Return the data below unchanged. Drop any pictures.

* **Supplied information**
::::::::::

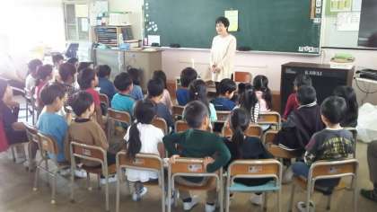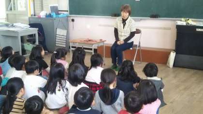 教室の前に子どもたちを集め、ローソクを一本灯し、お話が始まると、子どもたちはあっという間に本の世界へ!
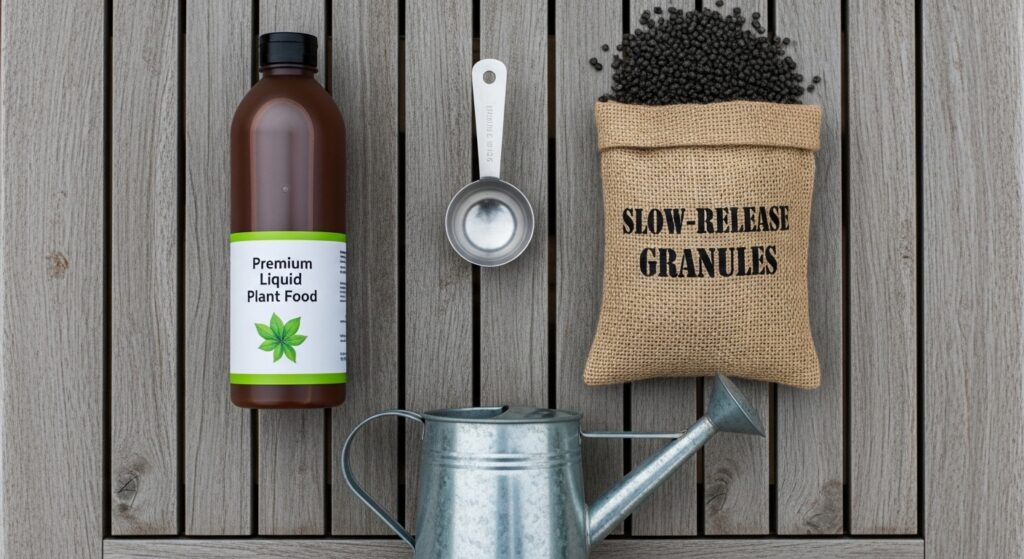 Popular liquid options include fish emulsion, seaweed extract, and synthetic liquid concentrates.
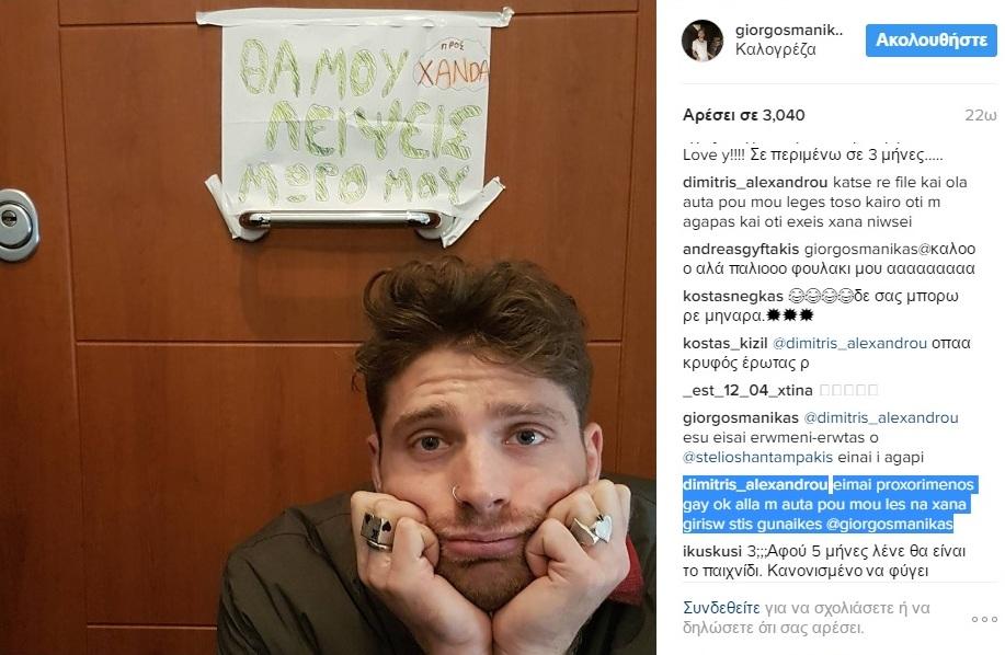 Όλα άρχισαν ότι ο Γιώργος Μανίκας έκανε μια ανάρτηση για τον φίλο του Στέλιο Χανταμπάκη, ο οποίος βρίσκεται αυτές τις μέρες στον Άγιο Δομίνικο ως ένας από τους celebrities στο reality επιβιώσης «Survivor».
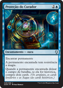 | Rules | Enchant permanent Enchanted permanent has hexproof. When enchanted permanent leaves the battlefield, if it was historic, draw two cards. (Artifacts, legendaries, and Sagas are historic.) |

::::::::::

* **Completed exercise**
 教室の前に子どもたちを集め、ローソクを一本灯し、お話が始まると、子どもたちはあっという間に本の世界へ!
 Popular liquid options include fish emulsion, seaweed extract, and synthetic liquid concentrates.
 Όλα άρχισαν ότι ο Γιώργος Μανίκας έκανε μια ανάρτηση για τον φίλο του Στέλιο Χανταμπάκη, ο οποίος βρίσκεται αυτές τις μέρες στον Άγιο Δομίνικο ως ένας από τους celebrities στο reality επιβιώσης «Survivor».
 | Rules | Enchant permanent Enchanted permanent has hexproof. When enchanted permanent leaves the battlefield, if it was historic, draw two cards. (Artifacts, legendaries, and Sagas are historic.) |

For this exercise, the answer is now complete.